I find that on trying to load larger files of the data using the run_summarisation.py example I get a memory overrun. So first question - is loading from a dataset much more efficient with memory usage? So instead of loading the whole file to hold the whole dataset in memory, it allows access but brings spans of data into memory only when needed? (as is suggested on this page?)

Second question, if the loading as a dataset is what I need to do to minimise memory usage, what is the best/easiest route to get this done? I have the csv file with the two columns for input and target (and other metadata in other columns such as the original text). So this is a very simple file. Just to be clear, there isn’t an available web resource to load the original data from, it is data I have generated and have myself on my PC. Can I simple load the csv data in a python script into a dataset using ‘load_dataset()’ and then just use your new `my_dataset.push_to_hub()’ method which would then host/store the data on the hub for retrieval by me/others that wanted to try it?

And thanks in advance for any help, new to this so pointers would be very much appreciated!

lhoestq · August 20, 2021, 4:39pm

Hi !

I find that on trying to load larger files of the data using the run_summarisation.py example I get a memory overrun.

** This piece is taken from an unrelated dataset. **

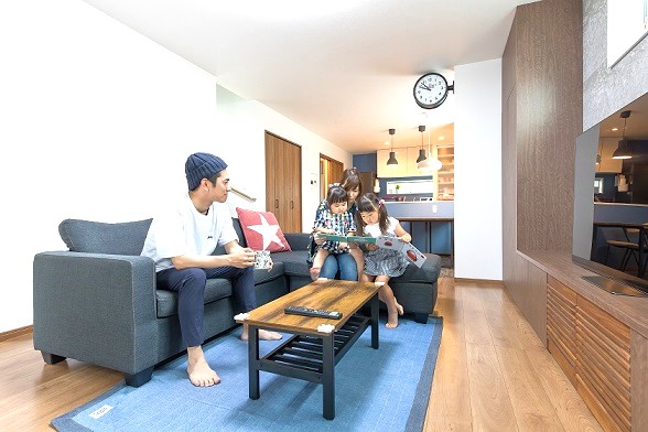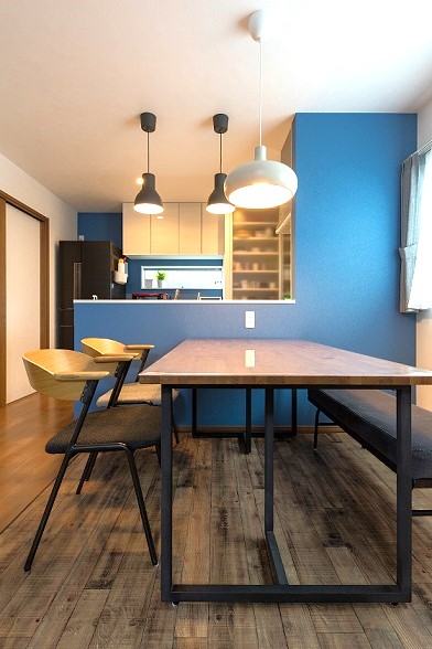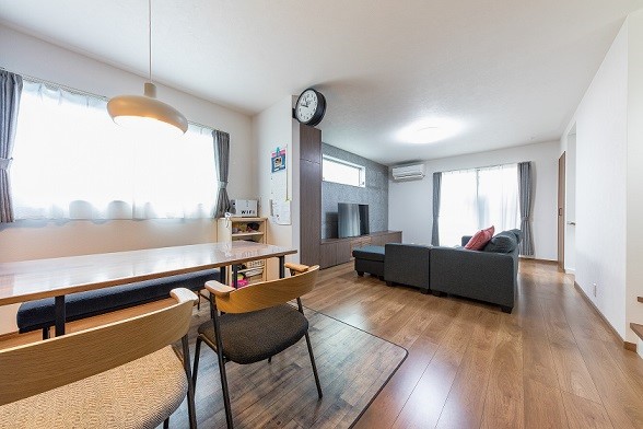 オンリーワンの組み合わせ仕上がり一度見ると住む方のセンスを感じますね!さらにご自身たちでセレクトした壁付けの時計や家具の一つ一つが建物とマッチしていて

So first question - is loading from a dataset much more efficient with memory usage?

In summarization.py the dataset is loaded using something similar to load_dataset("csv", data_files=["path/to/my/data.csv"]). I converts your CSV into an Arrow file which can be loaded without filling your RAM. Therefore I’m not sure how it could cause memory issues in your case, can you provide more details about what happened ?

Second question, if the loading as a dataset is what I need to do to minimise memory usage, what is the best/easiest route to get this done?

The data_files argument to pass to load_dataset works for both local and remote data. In your case, since your CSV is local you can just do

from datasets import load_dataset

my_dataset = load_dataset("csv", data_files=["local/path/to/my/data.csv"])

Ultimately you will be able to do my_dataset. push_to_hub() to share it with other people.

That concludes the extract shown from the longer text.